Task data START

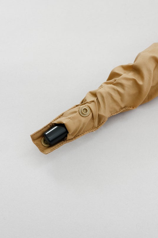 傘の水滴を拭き取りそのまま収納できる吸水ケース。さまざまな傘に対応し、バッグにも取り付け可能。
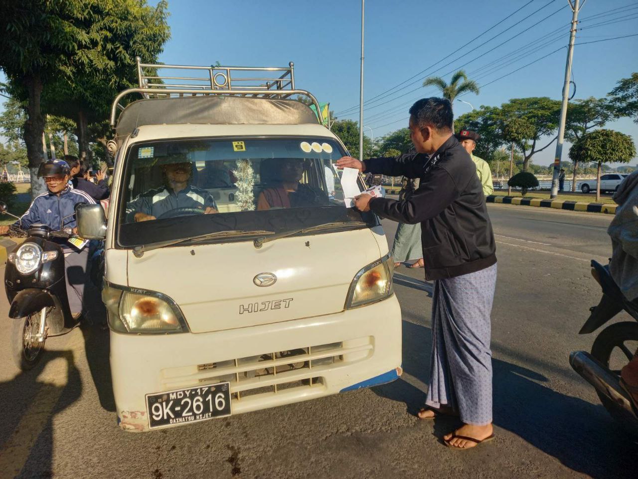 ရွေးကောက်ပွဲဆိုင်ရာ အသိပညာပေးလက်ကမ်းစာစောင်များဖြန့်ဝေခြင်း၊ မော်တော်ယာဉ်များအား စတစ်ကာများကပ်ခြင်းတို့ကို စစ်ကိုင်းတိုင်းဒေသကြီးအစိုးရ အဖွဲ့၏ လမ်းညွန်မှုနှင့်အတူ ပြန်ကြားရေးနှင့်ပြည်သူ့ဆက်ဆံရေးဦးစီးဌာနမှ အရာထမ်း၊ အမှုထမ်းများ၊ ခရိုင်/ မြို့နယ်ရွေးကောက်ပွဲကော်မရှင်အဖွဲ့ခွဲဥက္ကဋ္ဌနှင့်အဖွဲ့ဝင်များ ဖိတ်ကြားထားသူများသည် ဗိုလ်ချုပ် လမ်းပေါ်တွင်သွားလာနေကြသော မော်တော်ယာဉ်များအား စတစ်ကာများကပ်ခြင်း၊ ခရီးသွားပြည်သူများအား လက်ကမ်းစာစောင်ဖြန့်ဝေခြင်းတို့ကို ဆောင်ရွက်ခဲ့ကြကြောင်း သိရှိရသည်။
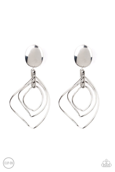 A twirling trio of glistening silver leaf shaped frames are threaded through a flat silver rod at the bottom of a glistening silver oval frame, creating an abstract lure. Earring attaches to a standard clip-on fitting.
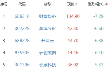 财富趋势、鸿博股份、开普云、云创数据、宏景科技位列涨幅榜后五位,涨幅分别为-7.29%、-6.60%、-6.38%、-6.10%、-5.53%。
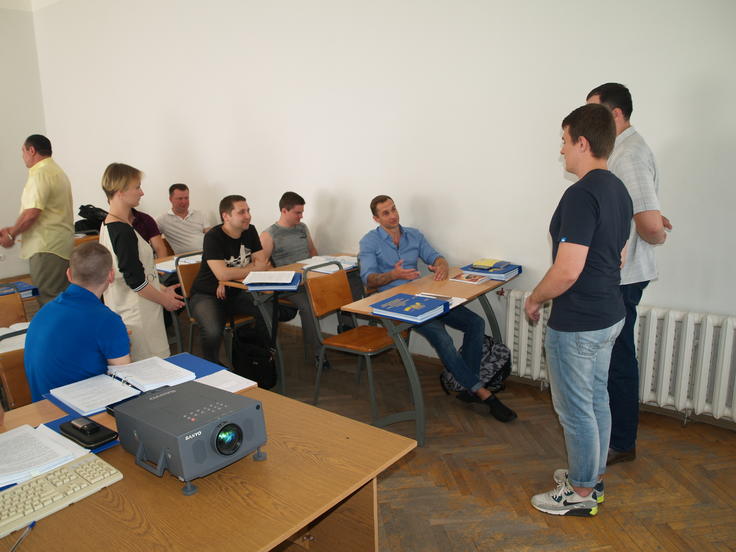 Role play was an important part of the training with participants of the Kyiv workshop re-enacting a response to a call from a fictitious victim of domestic violence, Kyiv, 3 June 2015.
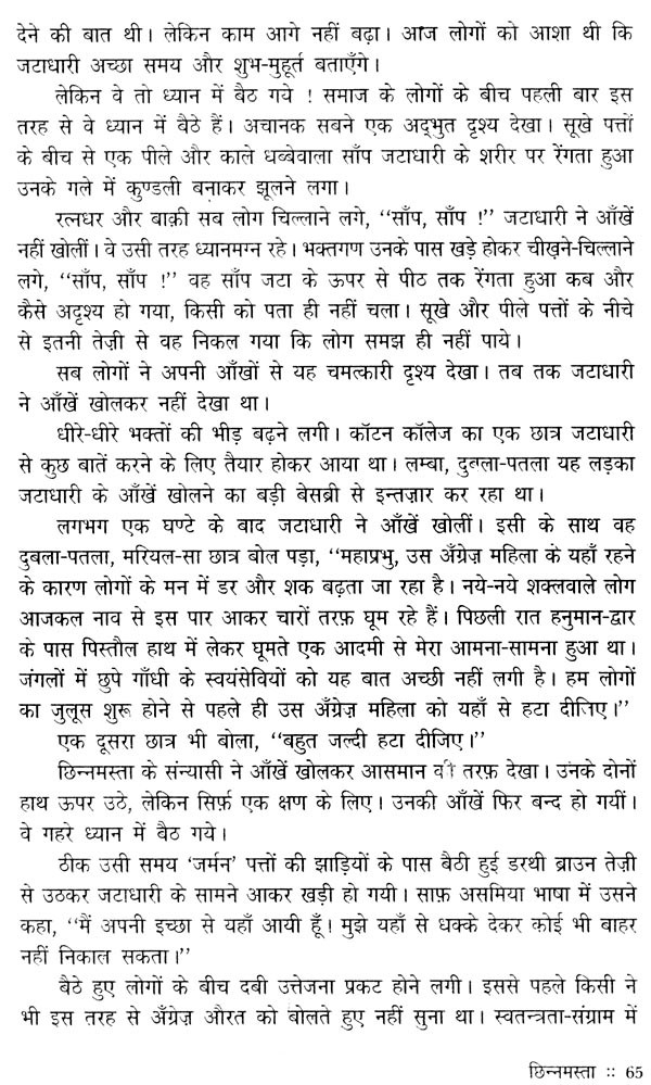 इस उपन्यास में उस समय के असम पर शासन करनेवाले अँग्रेज शासकों का भी कुछ वर्णन है। एक अँग्रेज महिला ने किस तरह शक्तिपीठ के तान्त्रिक के साथ सम्बन्ध बनाये थे उसे मूल कहानी के रूप में लिया गया है। इस उपन्यास के प्रधान नायक छिन्नमस्ता के जटाधारी का परिचय अब भी रहस्य बना हुआ है। किसी को यह ठीक से नहीं मालूम कि वे कहाँ से आये थे। उपन्यास का मुख्य हिस्सा है-इस शक्तिपीठ में हर समय चलते रहनेवाले बलि-विधान की कहानी। कहते हैं कि पहले यहाँ नरबलि होती थी। अँग्रेज़ों के राज में इसे बन्द कर दिया गया। लेकिन अँग्रेज शासकों ने मन्दिर के अन्दरूनी नीति-नियमों में कभी दखल नहीं दिया। मन्दिर का सारा काम पुजारियों के हाथों में ही था, इसलिए आज भी इस मन्दिर में पक्षियों, बकरों आदि की बलि दी जाती है। इस शक्तिपीठ का आँगन हमेशा खून से रंगा रहता है।
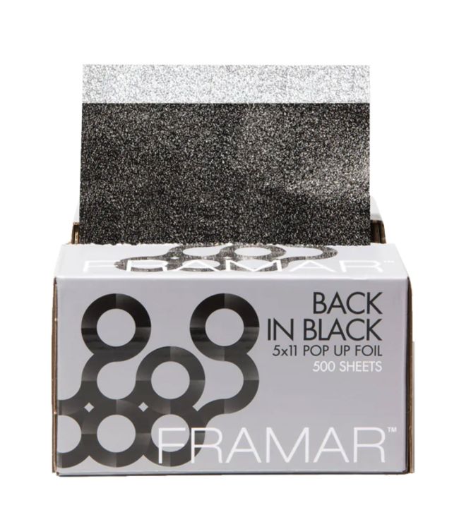 Framar Back in Black Pop Up Folie 500 Sheets is een doos met 500 stuks voorgesneden en gevouwen vellen aluminiumfolie. De Pop Ups zijn ideaal om tijd te besparen, omdat je ze niet hoeft te snijden. Met de reeds gevouwen rand kun je een stuk sneller werken zonder gedoe. De Framar Back in Black is een prachtige rol met zwarte folie. De unieke folie geeft de klant een volledige experience en vraagt gewoon om een selfie tijdens het inwerken van behandelingen. De reliëftextuur geeft extra anti-slip grip op het haar, waardoor de folie niet uit het haar glijdt. De folie van Framar wordt geleverd in een matchende dispenserdoos. De folies glijden gemakkelijk uit de doos en zijn direct op het haar aan te brengen. De embossed aluminiumfolie is erg buigbaar en daarom gemakkelijk aan te brengen en te vormen naar de contouren van het hoofd. Framar Back in Black Pop Up Folie is geschikt voor het creëren van highlights, lowlights en balayage. De folies hebben een gemiddelde dikte van 15MU. De aluminium folie vellen hebben een afmeting van 12,7 x 27,9 cm (5 x 11 Inch). Met Framar folie is elke service een unieke ervaring en een fluitje van een cent.
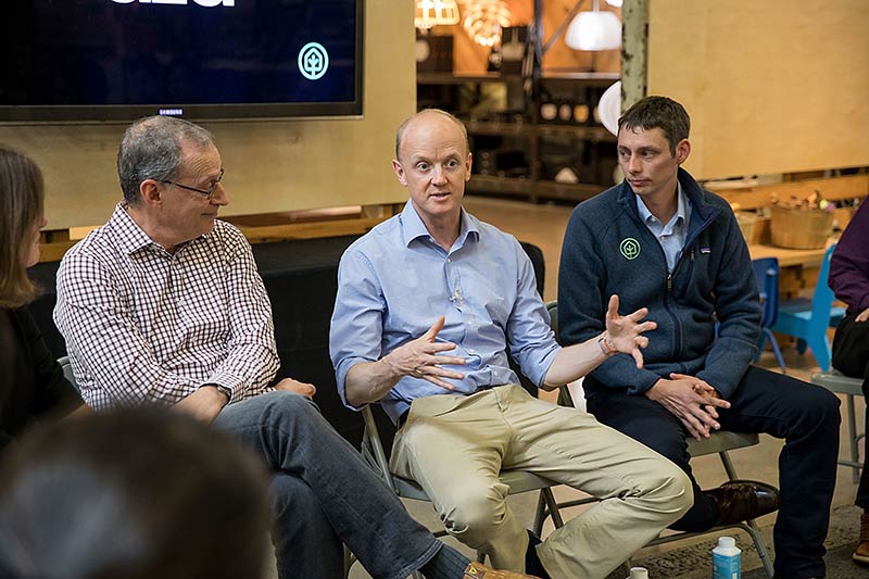 From left, former CEO and president of FedEx Kinkos and TreeHouse board member Gary Kusin, GLG CEO Alexander Saint-Amand, and Jason Ballard, CEO and co-founder of TreeHouse at the meeting of GLG Social Impact Fellows in Austin on Oct. 17, 2017.

Task data END

▶ Problem to work on: Word for word, restate the lines above from the one with "财富趋势、鸿博股份、开普云、" through the one with "इस उपन्यास में", keeping both ends and dropping the pictures.

▶ Response area:
 财富趋势、鸿博股份、开普云、云创数据、宏景科技位列涨幅榜后五位,涨幅分别为-7.29%、-6.60%、-6.38%、-6.10%、-5.53%。
 Role play was an important part of the training with participants of the Kyiv workshop re-enacting a response to a call from a fictitious victim of domestic violence, Kyiv, 3 June 2015.
 इस उपन्यास में उस समय के असम पर शासन करनेवाले अँग्रेज शासकों का भी कुछ वर्णन है। एक अँग्रेज महिला ने किस तरह शक्तिपीठ के तान्त्रिक के साथ सम्बन्ध बनाये थे उसे मूल कहानी के रूप में लिया गया है। इस उपन्यास के प्रधान नायक छिन्नमस्ता के जटाधारी का परिचय अब भी रहस्य बना हुआ है। किसी को यह ठीक से नहीं मालूम कि वे कहाँ से आये थे। उपन्यास का मुख्य हिस्सा है-इस शक्तिपीठ में हर समय चलते रहनेवाले बलि-विधान की कहानी। कहते हैं कि पहले यहाँ नरबलि होती थी। अँग्रेज़ों के राज में इसे बन्द कर दिया गया। लेकिन अँग्रेज शासकों ने मन्दिर के अन्दरूनी नीति-नियमों में कभी दखल नहीं दिया। मन्दिर का सारा काम पुजारियों के हाथों में ही था, इसलिए आज भी इस मन्दिर में पक्षियों, बकरों आदि की बलि दी जाती है। इस शक्तिपीठ का आँगन हमेशा खून से रंगा रहता है।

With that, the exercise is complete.